A Background-Agnostic Framework with Adversarial Training for Abnormal Event Detection in Video

Abnormal event detection in video is a complex computer vision problem that has attracted significant attention in recent years. The complexity of the task arises from the commonly-adopted definition of an abnormal event, that is, a rarely occurring event that typically depends on the surrounding context. Following the standard formulation of abnormal event detection as outlier detection, we propose a background-agnostic framework that learns from training videos containing only normal events. Our framework is composed of an object detector, a set of appearance and motion auto-encoders, and a set of classifiers. Since our framework only looks at object detections, it can be applied to different scenes, provided that normal events are defined identically across scenes and that the single main factor of variation is the background. To overcome the lack of abnormal data during training, we propose an adversarial learning strategy for the auto-encoders. We create a scene-agnostic set of out-of-domain pseudo-abnormal examples, which are correctly reconstructed by the auto-encoders before applying gradient ascent on the pseudo-abnormal examples. We further utilize the pseudo-abnormal examples to serve as abnormal examples when training appearance-based and motion-based binary classifiers to discriminate between normal and abnormal latent features and reconstructions. We compare our framework with the state-of-the-art methods on four benchmark data sets, using various evaluation metrics. Compared to existing methods, the empirical results indicate that our approach achieves favorable performance on all data sets. In addition, we provide region-based and track-based annotations for two large-scale abnormal event detection data sets from the literature, namely ShanghaiTech and Subway.

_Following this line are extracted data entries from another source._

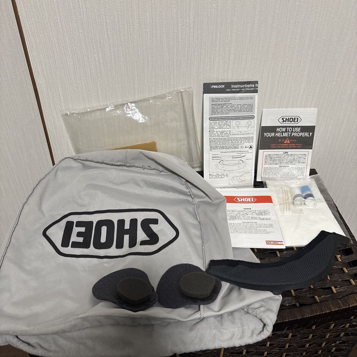 当サイトで購入した時から綺麗な物でした。当方も大事に使ってましたので、落とし傷はありませんが、画像にありますが、シールド、アゴ下に傷があります。気になる傷はそれくらいで、あとはシールドの開閉傷や、何か当たった時の傷がありますが、余り気にならなかったです。外装は綺麗だと思います。内装の3点は洗濯はしてありますが、画像の通りです。スポンジを貼るなり、買い替えて下さい。付属品は画像にある物です。アゴのヤツは多少使ってある感じですがそのままにしてあります。メット袋は洗濯してありますが、使ってある物になります。イヤーパッドはインカムを付けてましたので、綺麗です。多少のキズなどありますので、現品優先!3N厳守!受け取り連絡をスムーズに出来る方のみご参加下さい♪まれに放置する人がいますので、迷惑です。
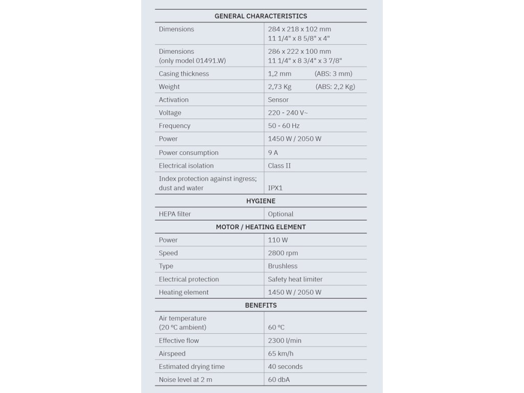 BIGFLOW EVO bezdotykový elektrický osoušeč rukou 220-240V, 2050W, 222x286x100mm, ABS/bílá
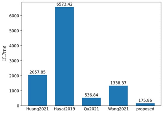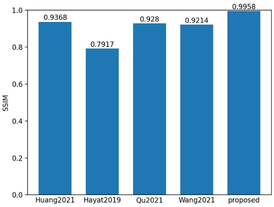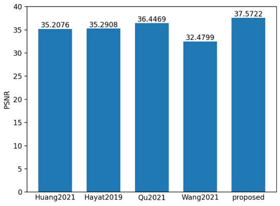 To evaluate the performance of the proposed method, 550 sets of polarization component images of steel rails were randomly selected, and the proposed method, along with the methods in references Huang [31], Hayat [32], Qu [33], and Wang [34], were used for fusion analysis. SSIM and PSNR are the most commonly used indicators for evaluating multi-exposure fusion algorithms in dynamic scenes. The PSNR indicator measures the similarity between the fused image and the source images in terms of image gray levels. A larger PSNR means that the fused image is close to the source images and has less distortion. Therefore, the larger the PSNR value, the better the fusion performance. SSIM is used to model image losses and distortions, to which the human visual system is sensitive. It consists of three parts, namely correlation, luminance, and contrast distortion. The SSIM between the source image and the fused image is defined as the product of these three parts. SSIM reflects the degree to which the fused image preserves the local structural details of the input images. The larger the value of this indicator, the greater the degree of structural preservation, and the better the fusion effect. ET represents the algorithm execution time. As shown in Figure 16, Figure 17 and Figure 18, it can be observed that the proposed method achieved the highest scores in both PSNR and SSIM, which were 37.57 and 0.99 respectively. Compared with the PSNR of 36.44 and the SSIM of 0.928 of the method proposed by Qu, who ranked second, and the execution time of 536.84 ms, the proposed method is not only better in maintaining data quality and structural integrity, but also more efficient in algorithm execution, with the time being only 175.86 ms, reflecting its efficient processing ability and good fusion effect.
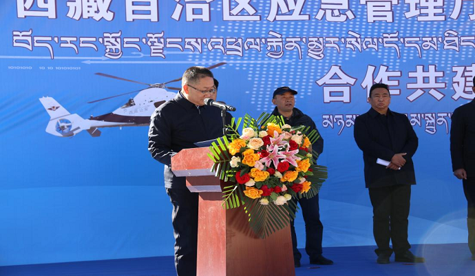 祁騰武代表西藏民航投,對各位領(lǐng)導、嘉賓的到來表示衷心感謝和誠摯歡迎。他表示,西藏航空應急救援基地的建設和揭牌,是貫徹落實習近平總書記關(guān)于西藏工作和應急救援體系建設重要指示批示精神,推動自治區(qū)黨委第十一次、第十四次專題會議精神落實落地的重要舉措,為推動我區(qū)不斷健全完善“統(tǒng)一指揮、上下聯(lián)動、空地同、快速反應”應急救援機制和“立體式、全天候、全災種、高水平”綜合應急救援體系邁出了堅實的一步。期待民航投與自治區(qū)應急廳的戰(zhàn)略合作從“心”出發(fā),向新而行,不斷開創(chuàng)新的局面,交出滿意合格答卷。
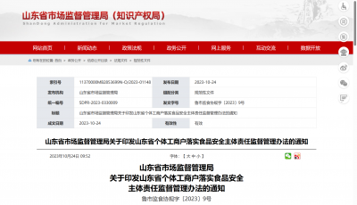 山东省市场监督管理局关于印发山东省个体工商户落实食品安全主体责任监督管理办法的通知鲁市监食协规字〔2023〕9号各市市场监督管理局:《山东省个体工商户落实食品安全主体责任监督管理办法》已经省局局务会审议通
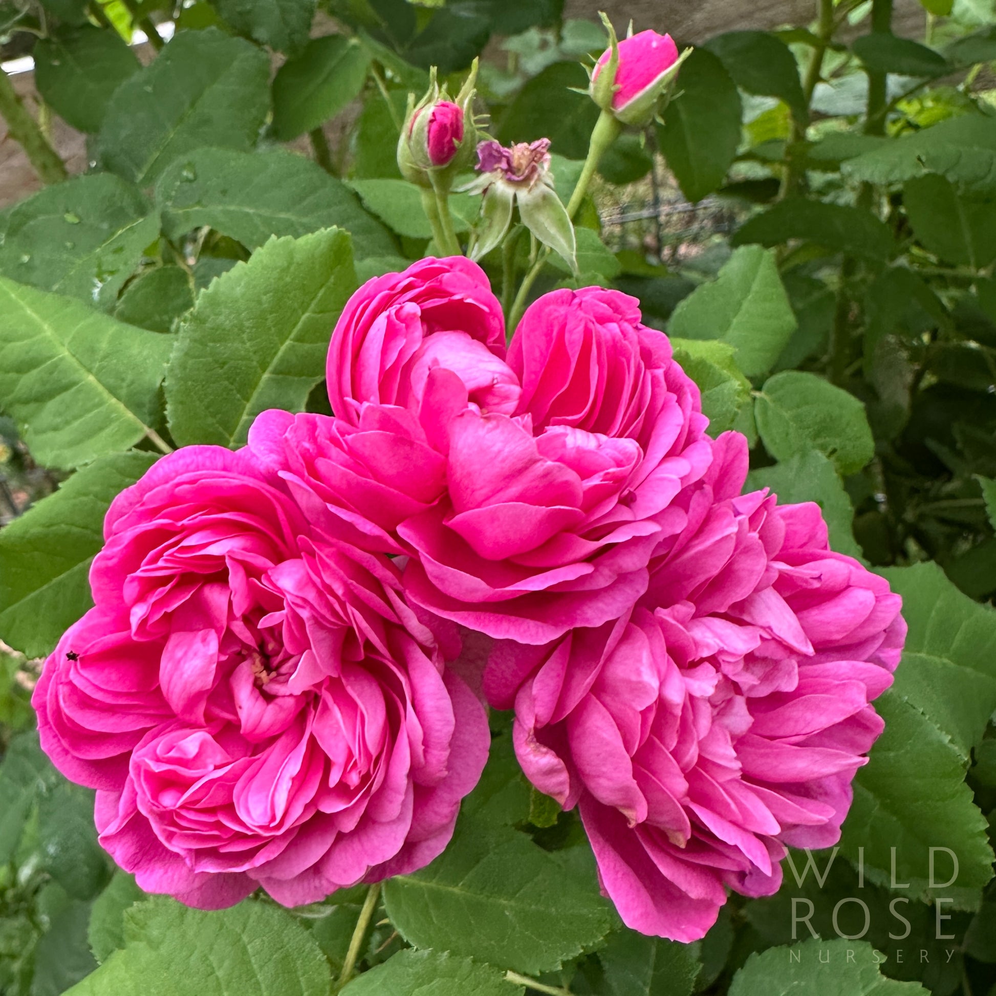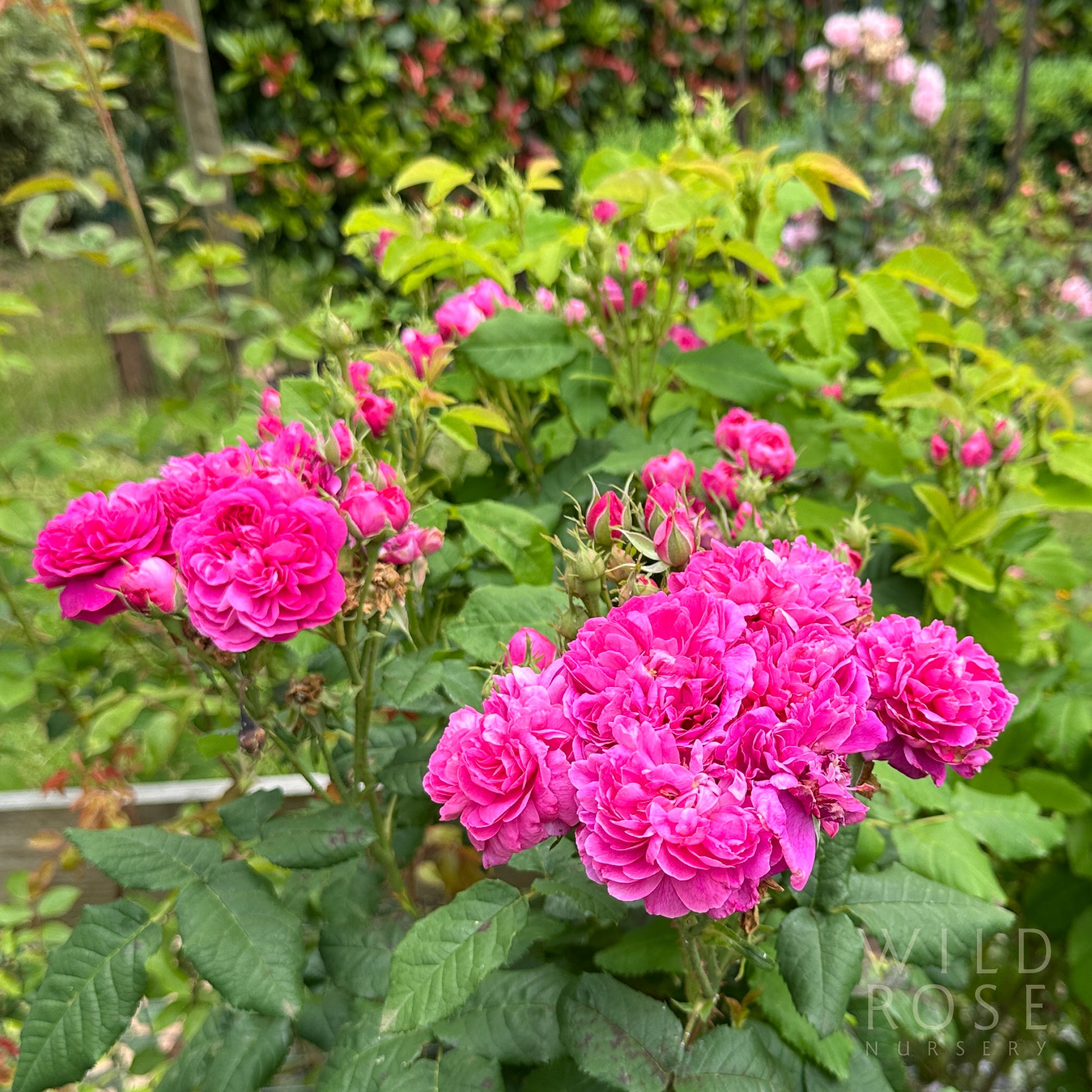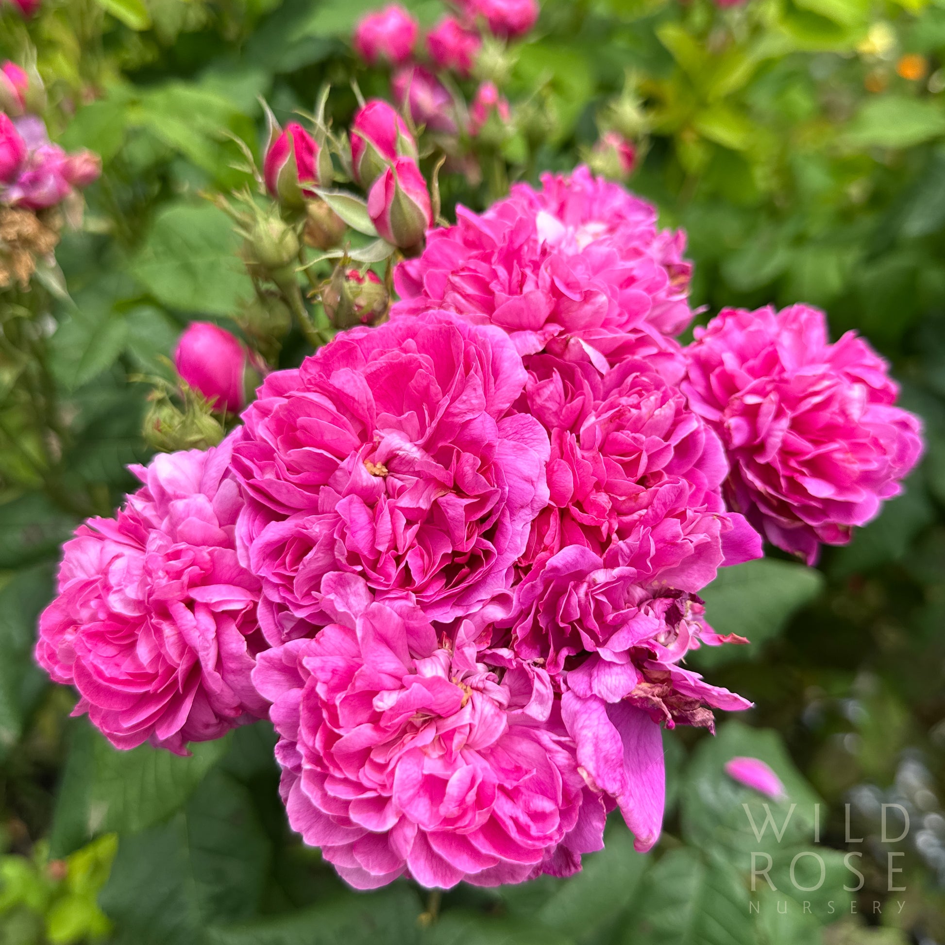 Clusters of medium, full, button-eyed, quarter bloom, deep pink flowers with violet shading
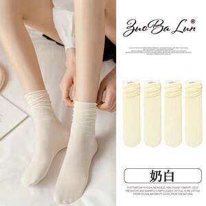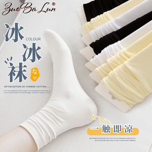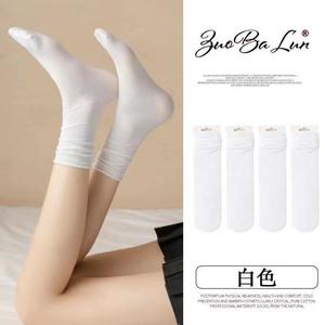 夏季薄款冰冰袜糖果色黑白长筒jk袜日系中筒学生潮流天鹅绒堆堆袜
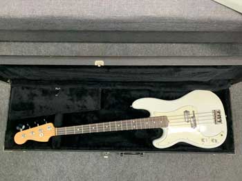 Fender American Pro Precision Bass RW, Olympic White GAUCHER from 2017, sold with all its Fender accessories (soft cloth, various keys, profiled SKB
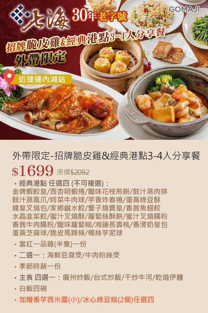 限時搶購-招牌脆皮雞&經典港點3~4人分享餐
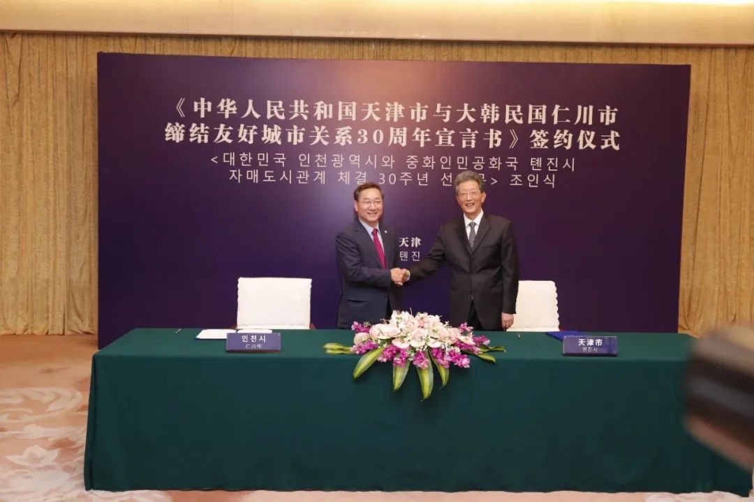 天津与韩国仁川市自1993年缔结友好城市关系以来,双方在高层互访、经贸、医疗、文化旅游等诸多领域开展了卓有成效的交流与合作。今年是两市结好30周年,年初,天津市副市长杨兵率团成功访问仁川市。6月底,仁川市市长刘正福率团访问我市,签署结好30周年宣言书。此外,仁川市立舞蹈团与我市歌舞剧院共同举办了两市结好30周年文艺演出。近日,天津市副市长朱鹏率团访问仁川市,出席2023仁中论坛开幕式并致辞。
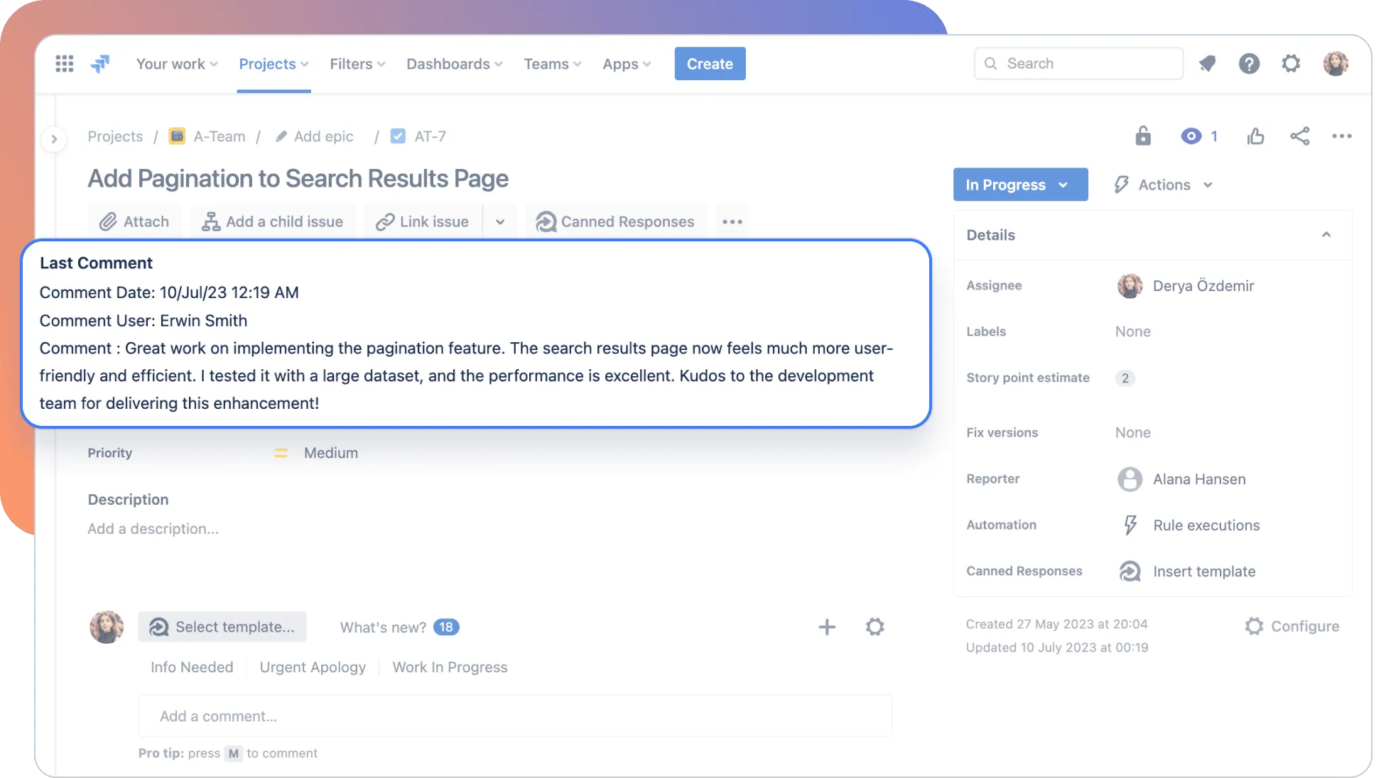 View comment data such as the first/last comment made, the user who made the comment and the time it was made directly in the issue navigator.

翻译：视频中的异常事件检测是一个近年来备受关注的复杂计算机视觉问题。该任务的复杂性源于异常事件的常见定义，即一种通常依赖于周围上下文的罕见事件。遵循异常事件检测作为离群点检测的标准范式，我们提出了一种背景无关框架，该框架仅从包含正常事件的训练视频中学习。我们的框架由目标检测器、一组外观和运动自编码器以及一组分类器组成。由于框架仅关注目标检测结果，因此可适用于不同场景，前提是正常事件的定义在各场景中保持一致，且唯一的变量主要源于背景。为克服训练过程中异常数据缺乏的问题，我们提出了一种针对自编码器的对抗学习策略。具体地，我们构建了一组场景无关的域外伪异常样本，并通过对伪异常样本应用梯度上升之前，使自编码器能够正确重建这些样本。此外，我们利用伪异常样本作为异常样本，训练基于外观和运动的二元分类器，以区分正常与异常的潜在特征及重建结果。我们在四个基准数据集上采用多种评估指标，将所提框架与现有最优方法进行了比较。实验结果表明，与现有方法相比，我们的方法在所有数据集上均取得了优异的性能。同时，我们为文献中的两个大规模异常事件检测数据集（即ShanghaiTech和Subway）提供了基于区域和基于轨迹的标注。